The Matching Algorithms You're Not Using
Every tag, correspondent, and document type in Paperless-ngx has a matching algorithm attached to it. Most people leave it on "Auto" and hope for the best. Here's what each one actually does:
| Algorithm | How It Works | Best For |
|---|---|---|
| Any | Matches if all specified words appear anywhere in the document | Broad categories ("invoice", "receipt") |
| Exact | Matches only if the exact phrase appears in order | Specific senders ("Acme Corp Invoice") |
| Regex | Full regular expression matching against content | Pattern-based matching (invoice numbers, dates) |
| Fuzzy | Approximate string matching for OCR errors | Scanned documents with inconsistent quality |
| Auto | Machine learning classifier trained on your existing assignments | Large document libraries with established patterns |
The Auto algorithm deserves special attention. It trains a neural network on documents you've already tagged, then applies those patterns to new arrivals. The catch: it only trains on documents that are NOT in your inbox. So if you've been tagging documents but leaving them in the inbox, the classifier never learns from them. Move them out, retrain, and watch the accuracy jump.
Building Workflows That Actually Work
Workflows are where Paperless-ngx gets powerful. They fire on four triggers:
Consumption Started fires before OCR even runs. Use it to pre-route documents based on source. If a document arrives via your accounting email rule, tag it "finance" before processing begins.

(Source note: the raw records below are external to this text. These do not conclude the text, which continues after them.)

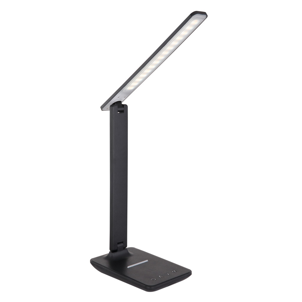 GLOBO 58400S BULLA Asztali lámpa műanyag fekete, bőr hatású megjelenés. Érintőkapcsolóval szabályozható a fényerő és színhőmérséklet. HxSZxM:285x115x565, inkl. 1xLED 5W 230V, 40-400lm, CCT 3.000-4500-6.000
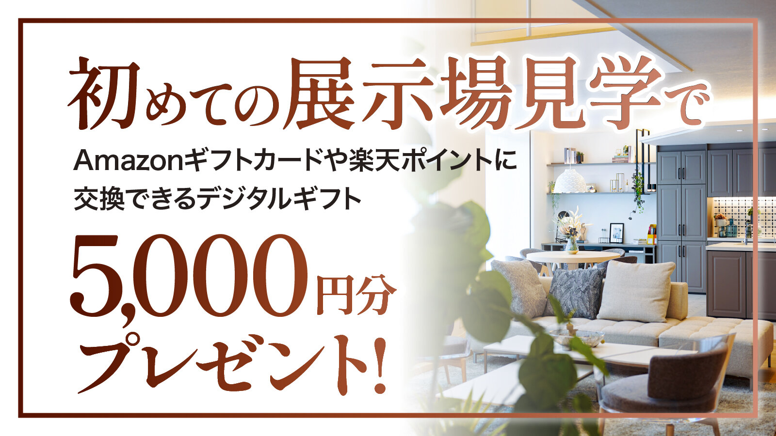 弊社ホームページから展示場見学を予約しご見学されたお客様に、「デジタルギフト 5,000円分」をプレゼント!
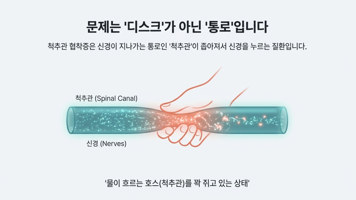 척추관 협착증은 신경이 지나가는 통로인 '척추관'이 좁아져서 신경을 누르는 질환이에요. 쉽게 비유하자면, 물이 흐르는 호스(척추관)를 꽉 쥐고 있는 상태라고 볼 수 있죠.
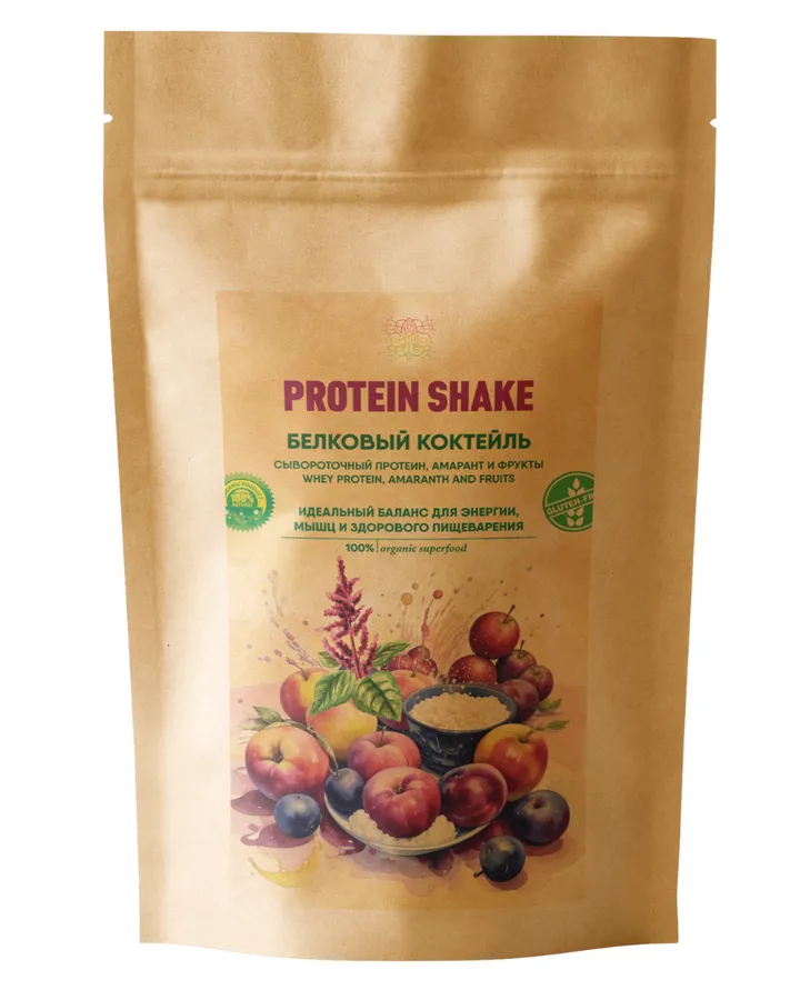 Белковый коктейль 100% чистоты Порошковая смесь из сывороточного белка, амаранта и фруктов

Document Added fires after content extraction. This is where you build classification logic. Match on content patterns and assign correspondents, document types, and storage paths automatically.
Document Updated fires when metadata changes. Chain workflows together: when a document gets tagged "invoice", a second workflow can set the document type and assign a storage path.
Scheduled runs on a cron schedule (default: hourly). Use it for cleanup tasks, like auto-tagging documents that have been in the inbox for more than 7 days.
Each workflow combines filters (source type, content matching, tag presence) with actions (assign tags, set correspondent, set document type, configure storage path). Actions execute sequentially, so order matters.
Custom Fields for Structured Data
Tags and correspondents only get you so far. Custom fields let you attach structured data to any document with nine data types:
- String/URL for reference numbers and links
- Date for due dates, payment dates, contract expiration
- Integer/Float/Monetary for amounts, quantities, totals (monetary uses ISO 4217 currency codes)
- Boolean for simple flags ("paid", "reviewed", "archived")
- Document Link for creating relationships between documents (creates symmetrical reverse links)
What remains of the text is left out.